[THE PROBLEM]: Could you return each line from the one bearing "以範例二為例,$B$ 矩陣中有3個子矩陣與 $A$" through the last line of the entries, exactly as it stands, with no pictures?

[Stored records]
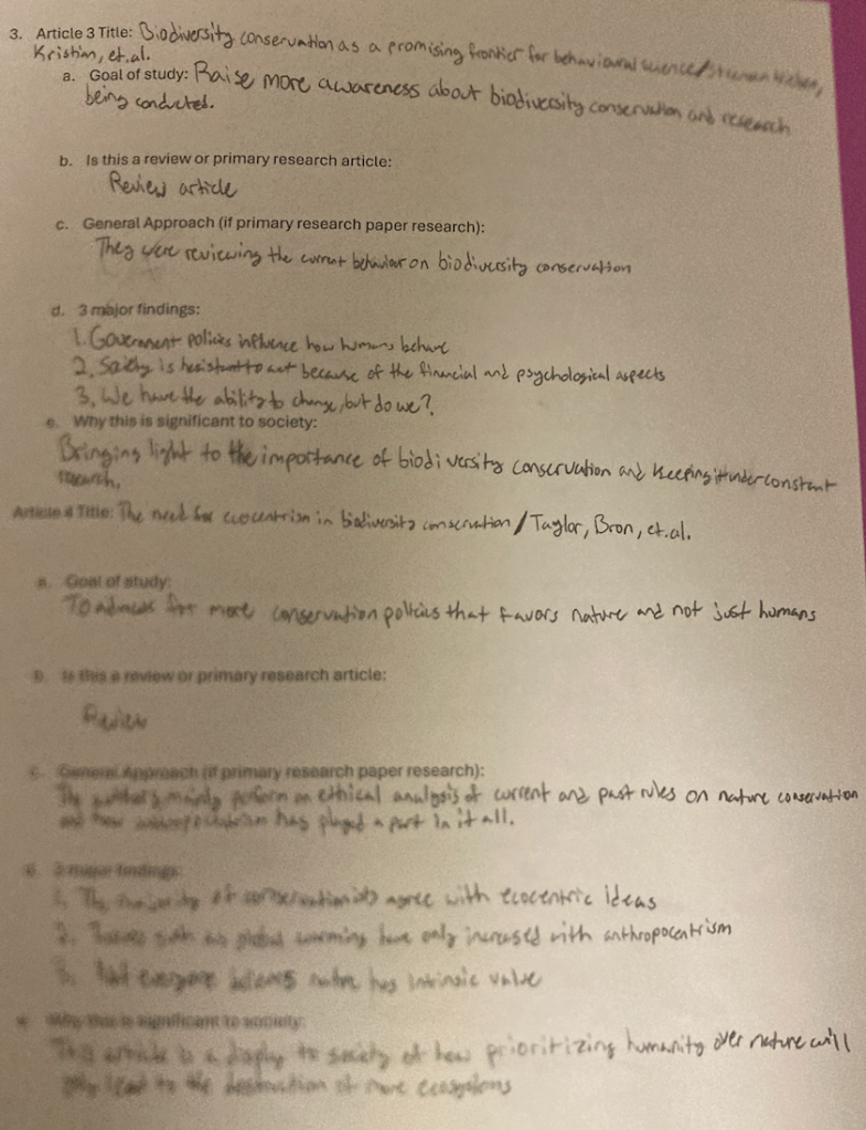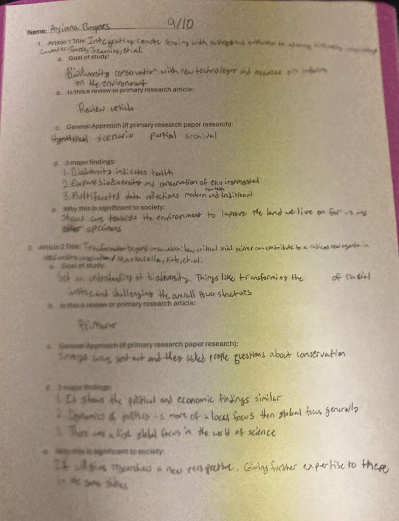 For this artifact, I had to confer with members in my paper’s group to come to a conclusion of what this article was about, as well as what the biggest takeaways were. After compromising on those responses, I then had to join groups with members doing the remaining papers. During this time, I listened to their explanations of their papers and wrote down the responses that came along with it. This allowed for me to understand the articles I hadn’t physically read and answer the questions that followed. I received feedback on my rubric indicating I completed A-level work.
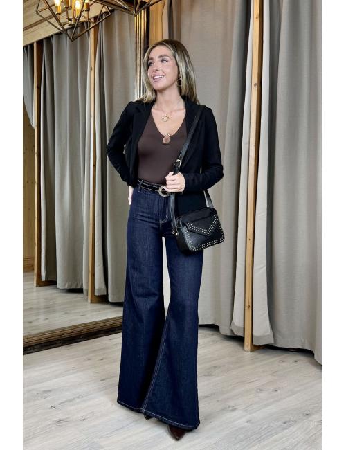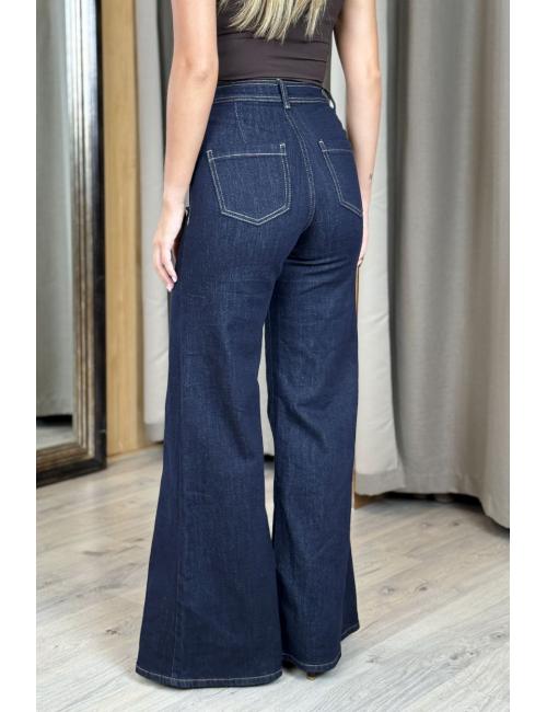High-waisted wide leg jeans with a flared cut. No front pockets and two back pockets. Made from stretch denim fabric. Belt loops at the waist and contrasting ochre stitching. Front zip fastening with metal button.
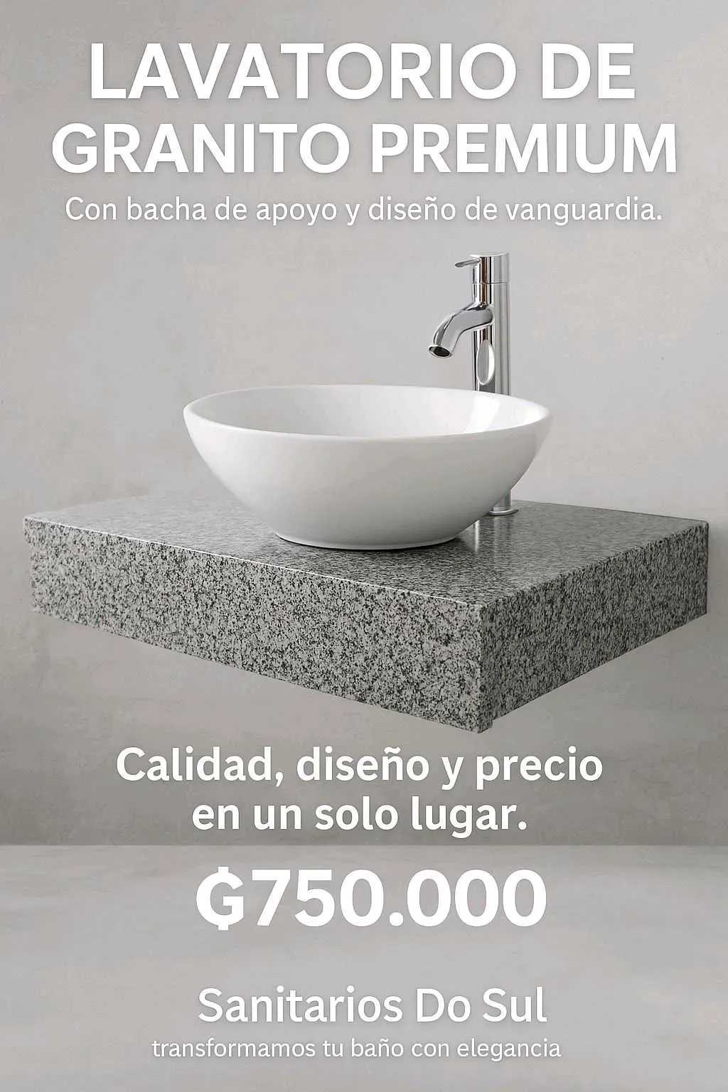 Lavatorio de granito de alta calidad con medidas de 65x45 cm y bacha sobre poner. Añade elegancia y funcionalidad a tu baño con este lavatorio moderno y duradero. Ideal para espacios pequeños. ¡Renueva tu baño con estilo!
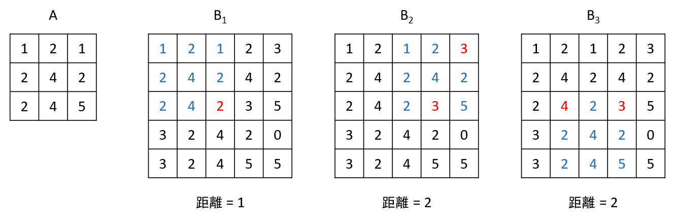 以範例二為例,$B$ 矩陣中有3個子矩陣與 $A$ 距離不超過 $2$,其中 $A$ 的元素總和為 $1+2+1+2+4+2+2+4+5=23$,$B_1$ 的元素總和為$20$,$B_2$ 的元素總和為 $24$ ,$B_3$ 的元素總和為 $28$。與 $A$ 元素總和最小值的為 $|23-24| = 1$。
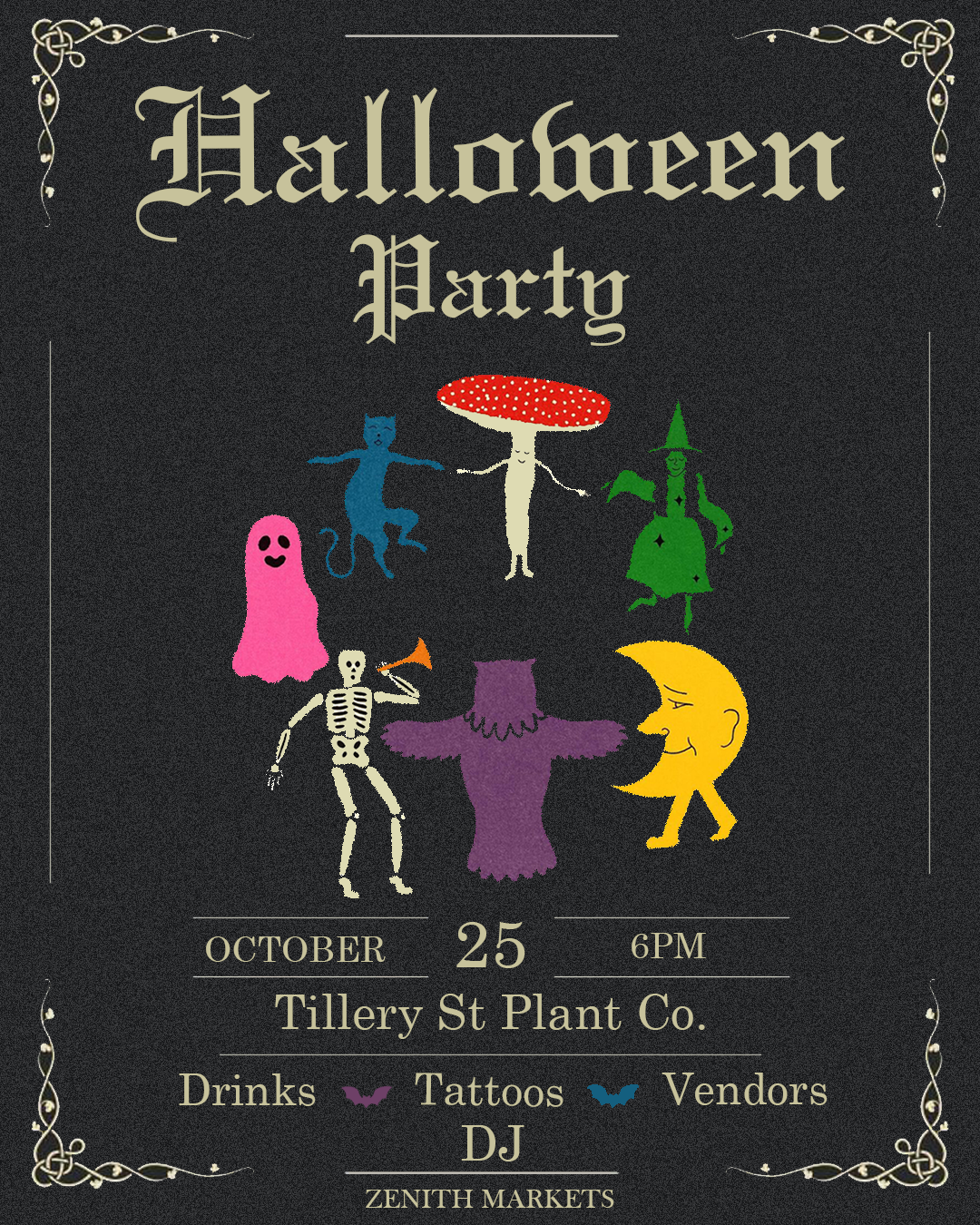 Join us for our Tillery St Plant Co Market on October 24th from 6–10PM. An evening of music and art featuring free drinks, tattoos, a live DJ and more. Come explore, connect, and celebrate with us. RSVP below to save your spot!
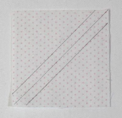 2. On the wrong side of each of the 14 background fabric 2½” x 2½” squares, lightly draw a diagonal line from corner to corner. Then draw a line a scant ¼” on either side of the center diagonal line.
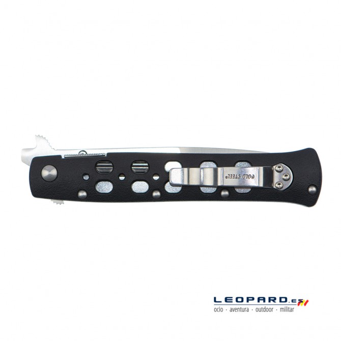 Los desarrolladores de Cold Steel han incluido en esta navaja un sistema de bloqueo tipo Liner Lock, uno de los más populares y seguros del mercado actual. Este mecanismo está formado por una placa de metal vertical que hace tope contra la espiga. Así, la presión evita que la cuchilla se mueva.
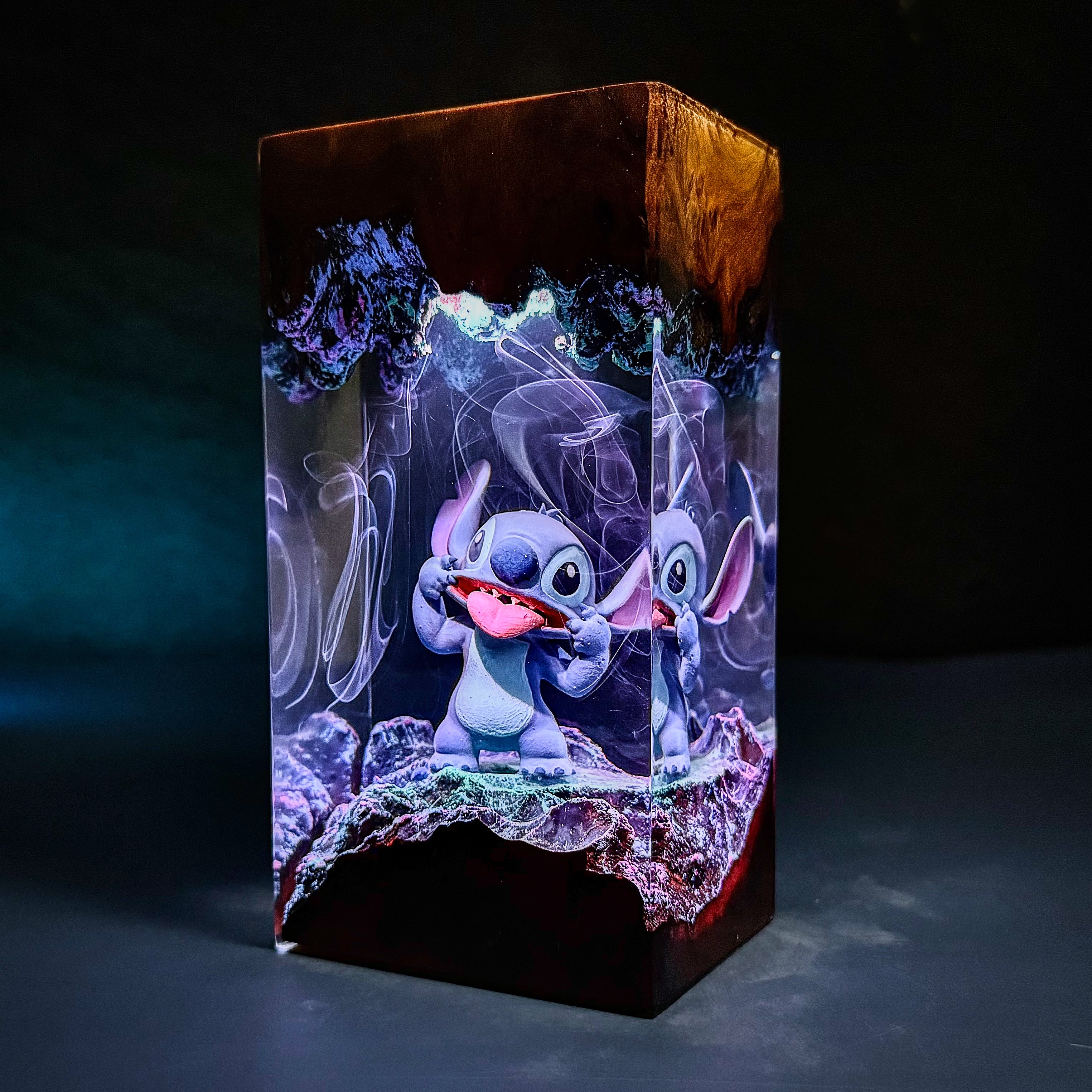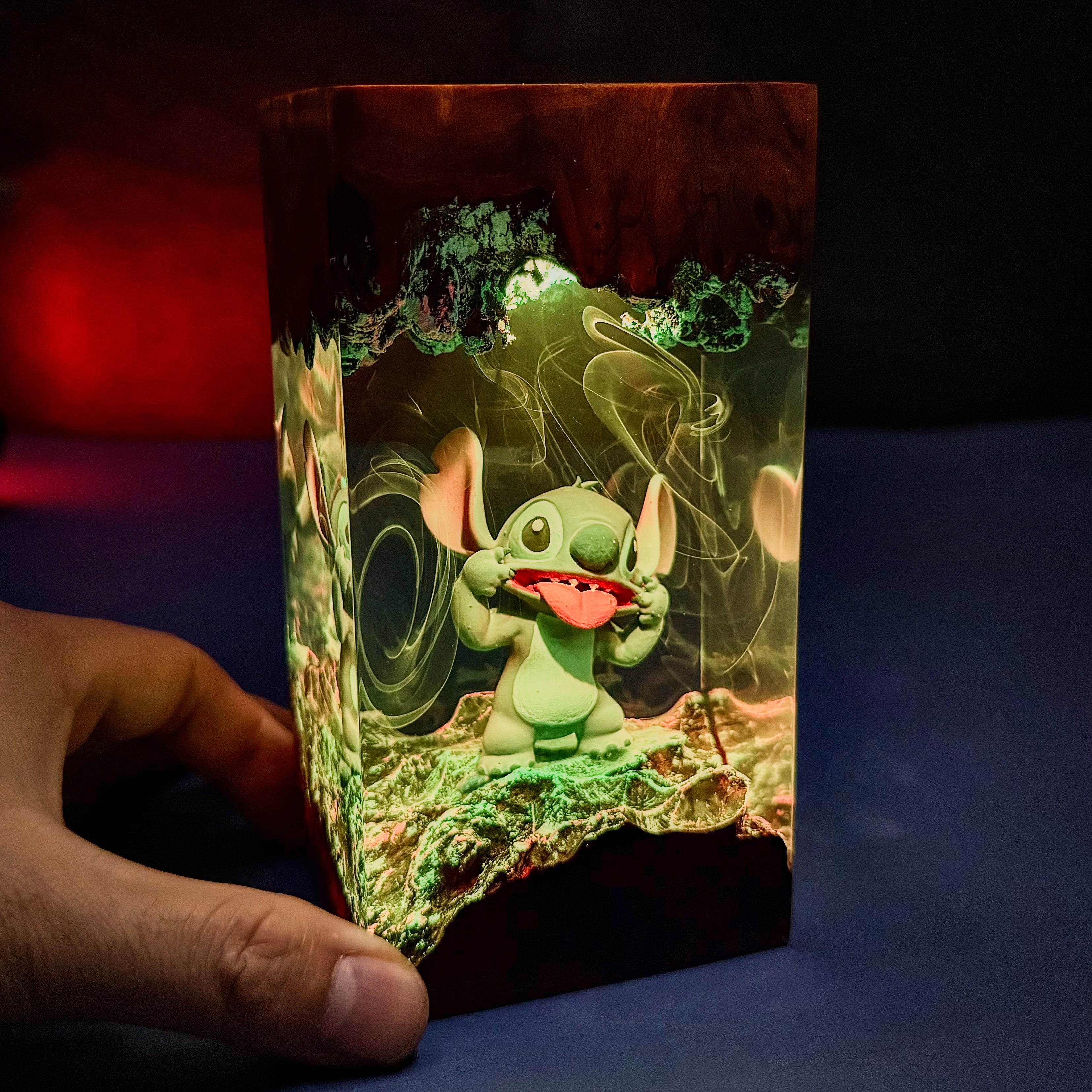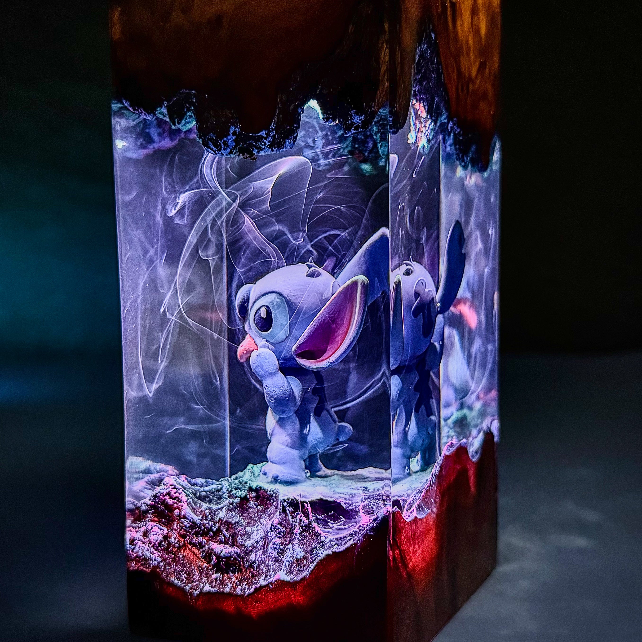 MT WOODENTB, Anime Resin Lamp, STITCH Cute Resin Lamp, Cute 3D Cartoon Epoxy Lamp, Diorama Night Light, Decorates Study Desk, Work desk

[ANSWER SPACE]:
 以範例二為例,$B$ 矩陣中有3個子矩陣與 $A$ 距離不超過 $2$,其中 $A$ 的元素總和為 $1+2+1+2+4+2+2+4+5=23$,$B_1$ 的元素總和為$20$,$B_2$ 的元素總和為 $24$ ,$B_3$ 的元素總和為 $28$。與 $A$ 元素總和最小值的為 $|23-24| = 1$。
 Join us for our Tillery St Plant Co Market on October 24th from 6–10PM. An evening of music and art featuring free drinks, tattoos, a live DJ and more. Come explore, connect, and celebrate with us. RSVP below to save your spot!
 2. On the wrong side of each of the 14 background fabric 2½” x 2½” squares, lightly draw a diagonal line from corner to corner. Then draw a line a scant ¼” on either side of the center diagonal line.
 Los desarrolladores de Cold Steel han incluido en esta navaja un sistema de bloqueo tipo Liner Lock, uno de los más populares y seguros del mercado actual. Este mecanismo está formado por una placa de metal vertical que hace tope contra la espiga. Así, la presión evita que la cuchilla se mueva.
 MT WOODENTB, Anime Resin Lamp, STITCH Cute Resin Lamp, Cute 3D Cartoon Epoxy Lamp, Diorama Night Light, Decorates Study Desk, Work desk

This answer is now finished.